→ **Required action**
Pictures stay out of the answer, but every line of the material must be restated exactly.

→ **Information shown**
BEGIN
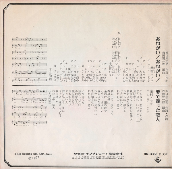 葉村エツコ – おねがい!おねがい! (7″, Single)
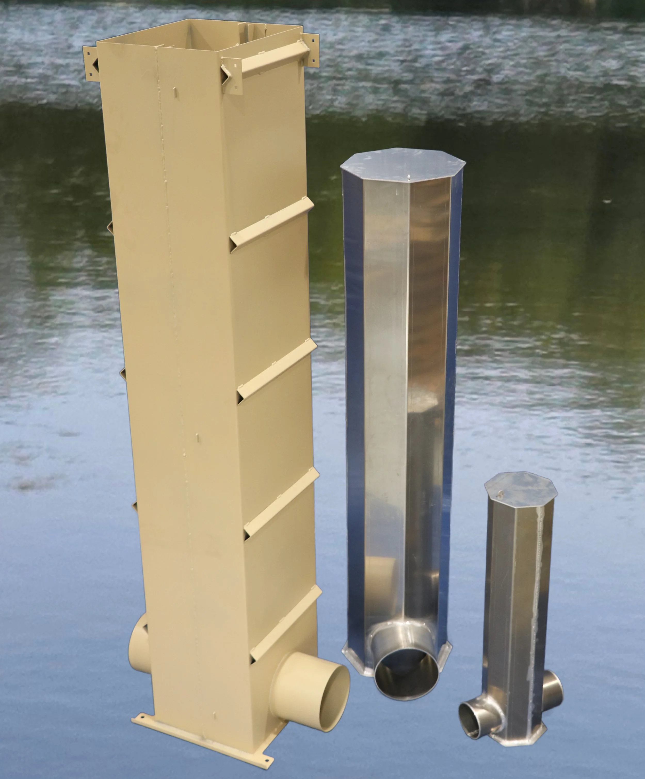 10-foot tall steel inline pond leveler in the manufacturing shop
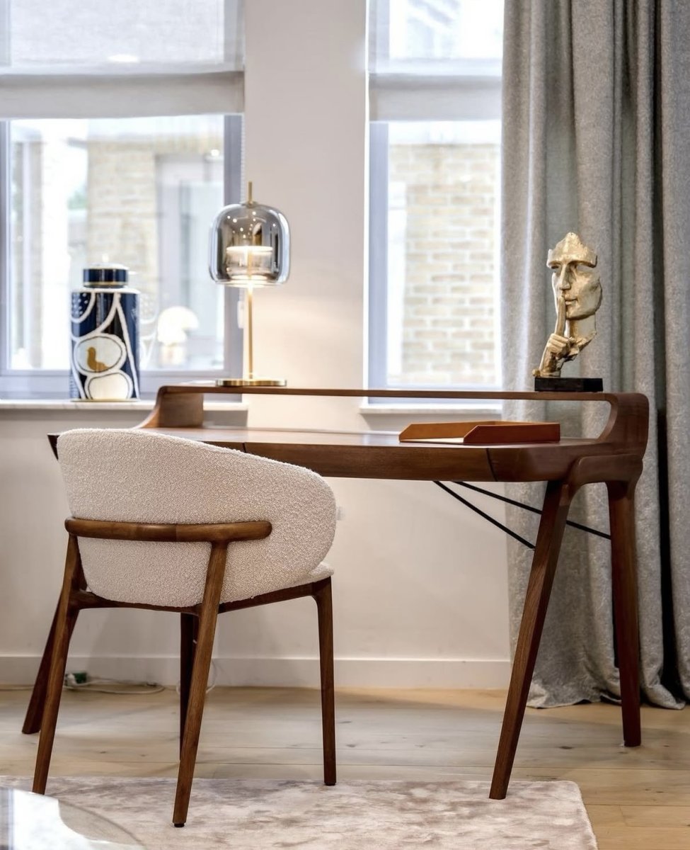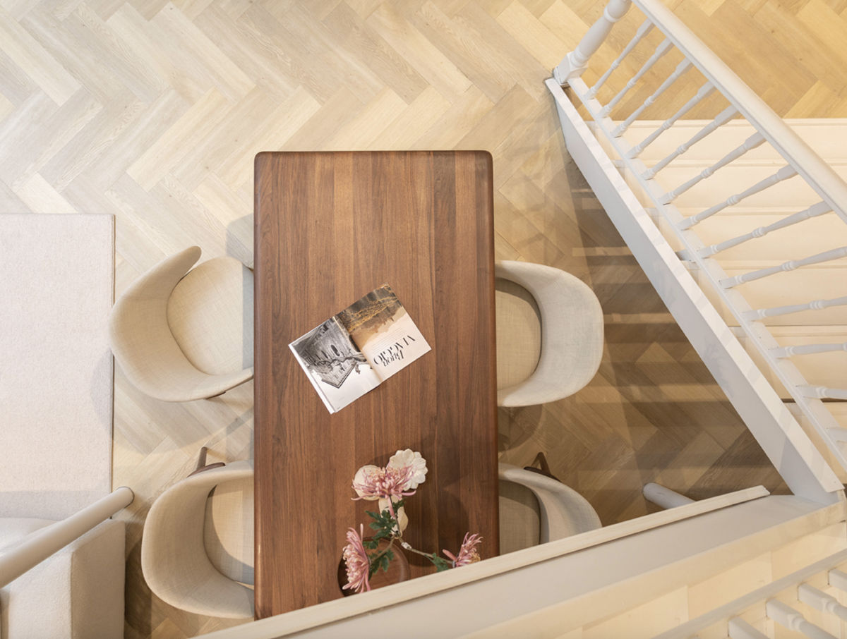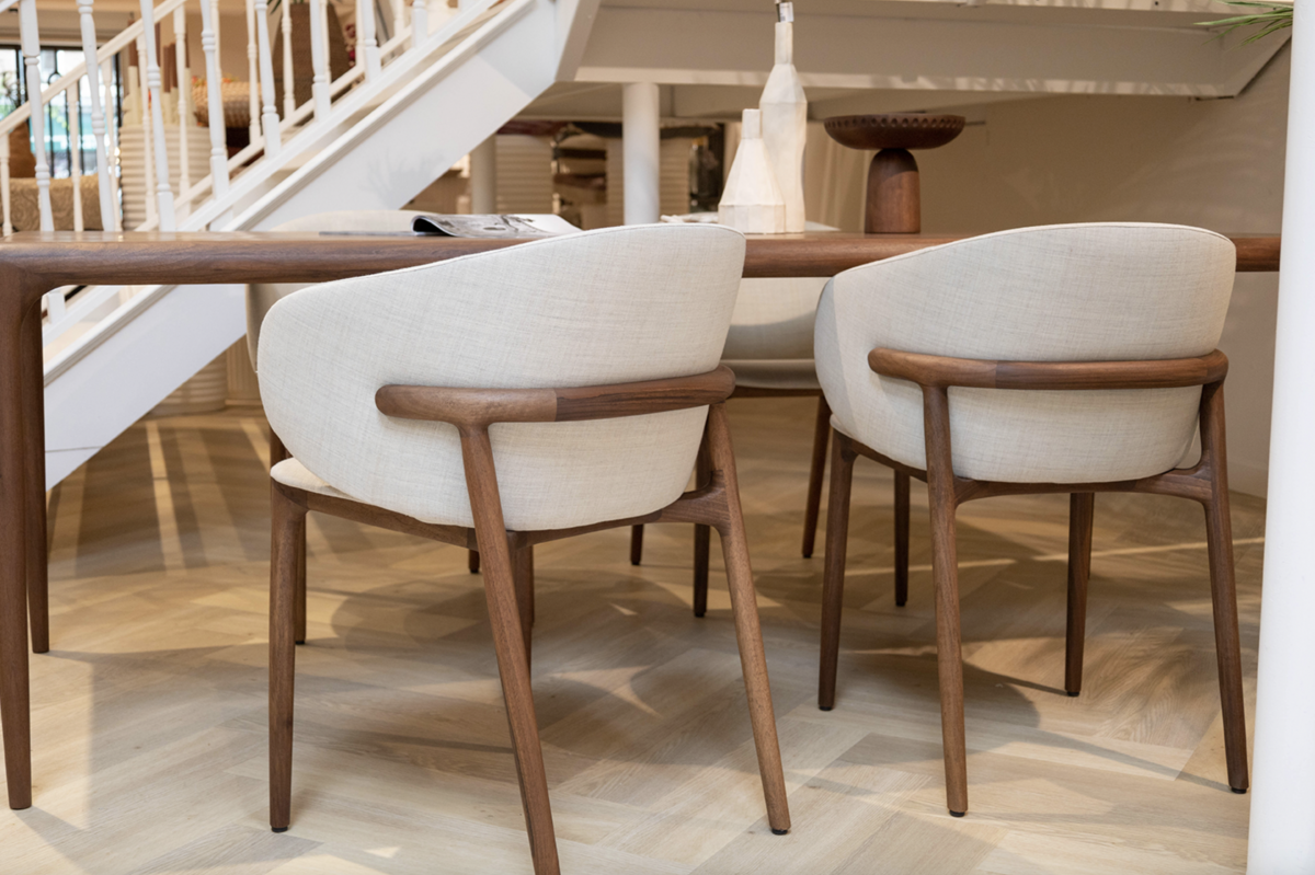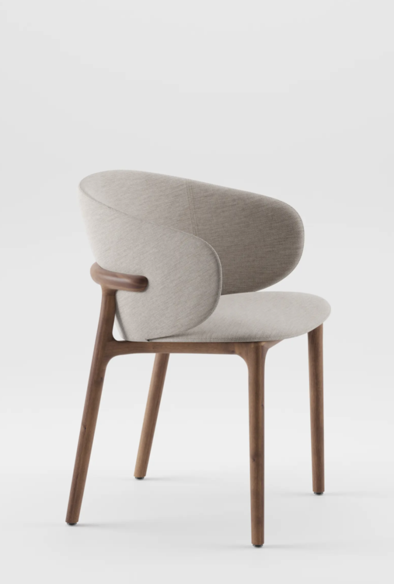 Mela är syskonstolen till Neva och finns i både valnöt och ek. Med stoppad sits och rygg ger den en skön, omfamnande komfort runt matbordet. Den eleganta designen tillsammans med det noggranna hantverket gör Mela till en lyxig stol som håller i många år.
END
→ **Finished task**
 葉村エツコ – おねがい!おねがい! (7″, Single)
 10-foot tall steel inline pond leveler in the manufacturing shop
 Mela är syskonstolen till Neva och finns i både valnöt och ek. Med stoppad sits och rygg ger den en skön, omfamnande komfort runt matbordet. Den eleganta designen tillsammans med det noggranna hantverket gör Mela till en lyxig stol som håller i många år.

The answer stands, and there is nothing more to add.